[SUPPLIED RECORDS — start]
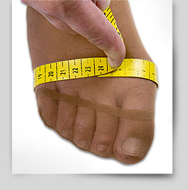 Całym ciężarem ciała stanąć na centymetrze krawieckim i zmierzyć obwód stopy od miejsca gdzie "wyrasta" mały palec do miejsca gdzie jest tzw. haluks (kość przy dużym palcu). Będzie to tęgość do wyboru z tabeli tęgości.
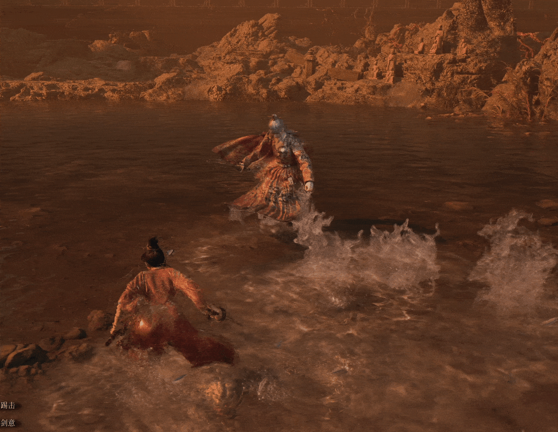 水波剑气 (2阶段常驻):红岚放剑气之前会先后撤拉开距离然后举剑蓄力,掐好提前量闪避
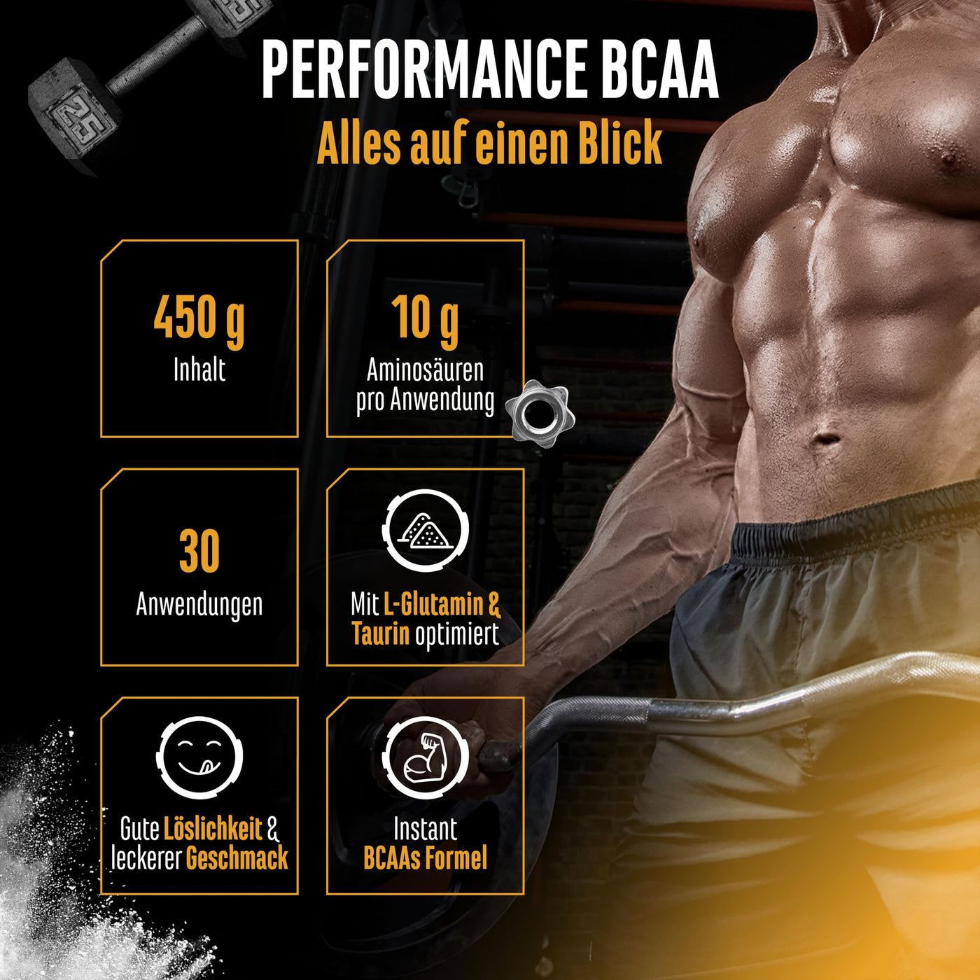 BCAA Performance - 450 g powder - Instant BCAAs + L-Glutamine + Taurine - Delicious & super solubility - vegan amino acids - 2:1:1 ratio - (mango passion fruit)
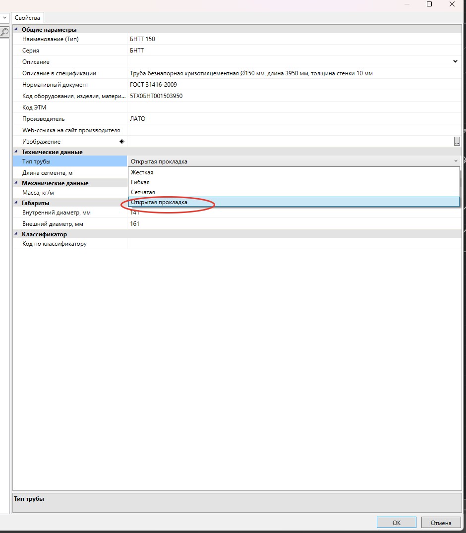 В КНС при выборе типа трубы можно выбрать трубу со свойством открытая прокладка.
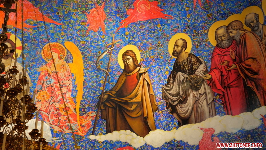 У житомирському Свято-Михайлівському кафедральному соборі завершили розпис великої зали. Як розповідає настоятель, роботи розпочалися ще у 2000 році, спочатку відновлювали притвор, далі центральну частину, стіни, купол та вівтар, і ось на кінець 2023 року храм мав зовсім інший вигляд.
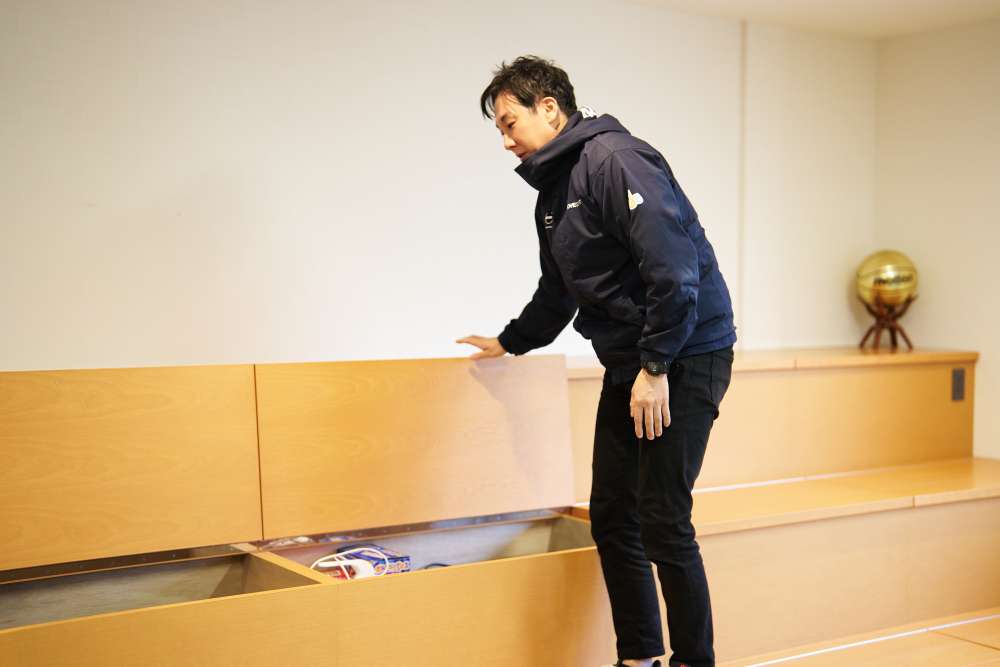 階段収納には、社内イベントで使用する用具やゲームが!
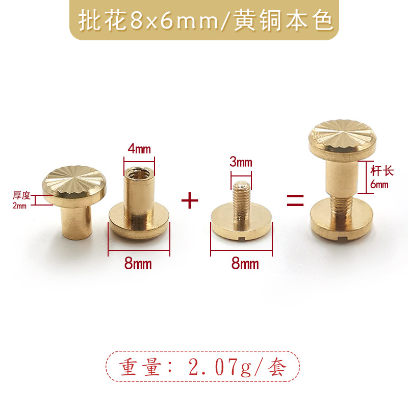 | brass natural color 8x8mm with 8*6 one-word screw/arc surface push pin | CN¥ 0.56 | 99968 set available |
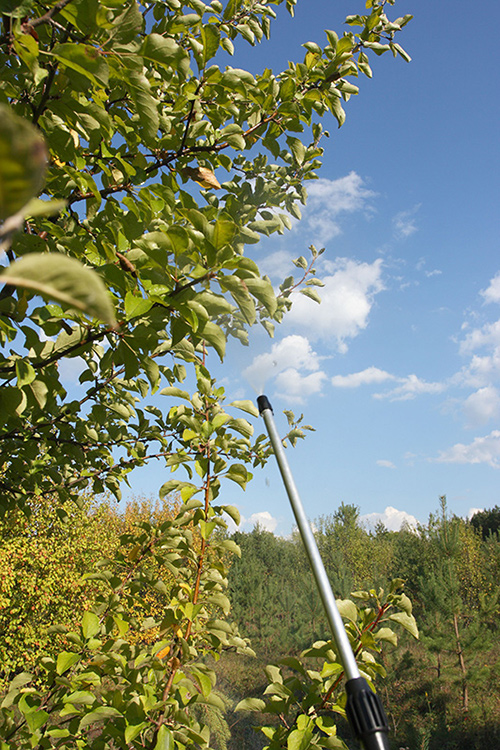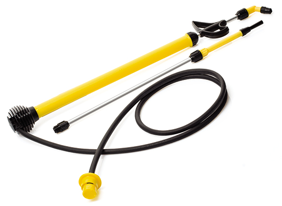 Для осуществления опрыскивания необходимо опустить шланг с фильтром в ёмкость с раствором.
[SUPPLIED RECORDS — finish]
### YOUR INSTRUCTIONS
The answer must restate every entry word for word, with the pictures left out.

### EXERCISE ANSWER
 Całym ciężarem ciała stanąć na centymetrze krawieckim i zmierzyć obwód stopy od miejsca gdzie "wyrasta" mały palec do miejsca gdzie jest tzw. haluks (kość przy dużym palcu). Będzie to tęgość do wyboru z tabeli tęgości.
 水波剑气 (2阶段常驻):红岚放剑气之前会先后撤拉开距离然后举剑蓄力,掐好提前量闪避
 BCAA Performance - 450 g powder - Instant BCAAs + L-Glutamine + Taurine - Delicious & super solubility - vegan amino acids - 2:1:1 ratio - (mango passion fruit)
 В КНС при выборе типа трубы можно выбрать трубу со свойством открытая прокладка.
 У житомирському Свято-Михайлівському кафедральному соборі завершили розпис великої зали. Як розповідає настоятель, роботи розпочалися ще у 2000 році, спочатку відновлювали притвор, далі центральну частину, стіни, купол та вівтар, і ось на кінець 2023 року храм мав зовсім інший вигляд.
 階段収納には、社内イベントで使用する用具やゲームが!
 | brass natural color 8x8mm with 8*6 one-word screw/arc surface push pin | CN¥ 0.56 | 99968 set available |
 Для осуществления опрыскивания необходимо опустить шланг с фильтром в ёмкость с раствором.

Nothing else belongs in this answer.